What You Should Do About Options Backdating
from
September/October 2006
by Julie Connelly
Is your company exposed to an options-backdating scandal? If so, you’re in a crowded field. More than 2,000 companies have used backdating to reward executives in recent years, according to a study by the University of Iowa’s business school, and a bunch of big-name outfits, including Microsoft, have admitted they might face legal problems over the way they’ve dated options.
Backdating per se won’t necessarily land you in trouble. “It is not illegal to give an employee in-the-money options,” says attorney Kenneth M. Breen, who runs the New York white-collar crime and government investigations group at the law firm Fulbright & Jaworski, speaking of options with a strike price lower than what the stock traded for on the day they were granted. “But the company has to disclose that, and treat the grant properly with regard to tax and accounting rules.”
Board members should get out in front on this issue. “If your company is engaging in an active options-grant compensation program, look into it now,” Breen says. “Don’t wait for the reporter or, worse, the prosecutor to call.” Such calls are frequently followed up by subpoenas. Regulators take a far more benign view of companies that voluntarily investigate their own practices and step forward if anything material surfaces—as some have done since the scandal first surfaced in March at UnitedHealth Group—than they do of outfits where they’ve had to ferret out wrongdoing.
You’re in strong shape if you have a good paper trail establishing that grants are awarded on the same dates every year and that no one has an unusual amount of discretion in doling them out. For some boards, a phone call or two with the company’s outside counsel may be all that’s needed as a review.
But if there isn’t a trail or if papers are missing, that’s a wildly flapping red flag all by itself. There should be documents relating to the options plan, options agreements, minutes from compensation-committee and board meetings that establish when grants were approved and at what price, correspondence among consultants and employees involved in administering the options plan, regulatory disclosure forms, and charts that trace the historical trading patterns of the stock.
“The information is readily available without digging deeply,” says Robert Hayward, who specializes in corporate and securities transactions at the Kirkland & Ellis law firm in Chicago. “If you know when the grants were made and the historical share prices, you can pretty quickly see if you need to dig deeper.”
If you do have to tunnel down, the board should form a special committee—or delegate the job to the audit committee—to hire an outside law firm for an investigation.

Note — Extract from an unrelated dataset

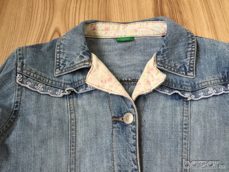 Детско дънково яке Benetton, размер XL/12г., с дантелки. Много малко малко носено, много запазено.
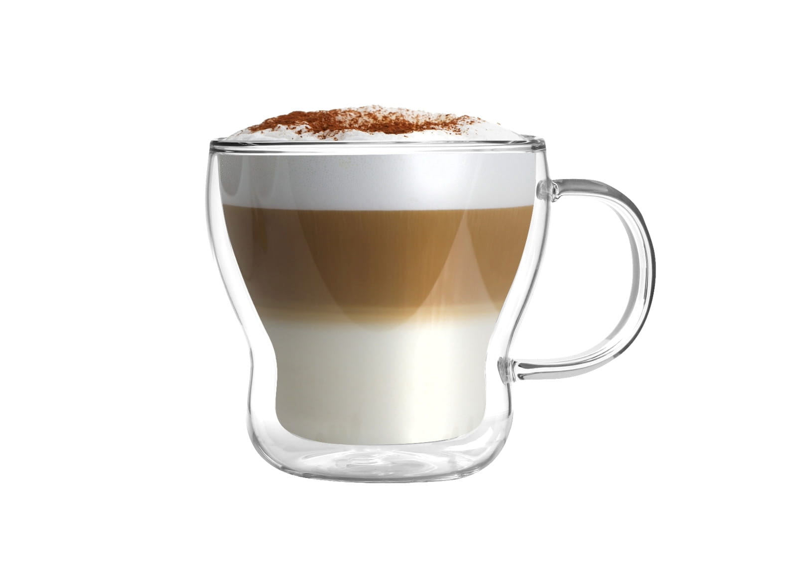 Funkcjonalny i praktyczny zestaw dwóch pojemnych filiżanek z podwójną ścianką z serii Bolla marki Vialli Design. Produkt został wykonany z najwyższej jakości szkła boro krzemowego, które jest odporne na wszelakie matowienie w zmywarce oraz szok termiczny. Naczynia wykonywane są ręcznie a dzięki podwójnym ściankom utrzymują odpowiednią temperaturę napoju na dłużej, jednocześnie prezentując w całej okazałości pyszną zawartość. Ergonomiczny kształt szklanek łączy klasykę i nowoczesność a zgrabne uszko zapobiega wyślizgnięciu się naczynia z dłoni. Szklanki będą niewapliwą ozdobą każdego stołu.

Don’t use the firm you already have on retainer, or one that is connected in any way with a board member. The firm’s investigation will consist of three parts: gathering and preserving the documents relevant to the backdating; interviewing the people involved in the options program and others who have pertinent information; and making a report to the committee, either in writing or orally. The report should describe what the investigation turned up and recommend how to handle the findings and prevent the problem in the future. Says Joseph Serino, a litigation partner at Kirkland & Ellis: “Among other things, the report should suggest whether disclosures should be made or updated, whether the financials should be restated or amended, whether options policies should be changed, whether people should be terminated with legal action taken against them, and whether the company should report itself to the regulatory agencies.” After all the directors have discussed the report and voted on what to do about the recommendations, there may be one more step you need to take: Dust off your management-succession plans.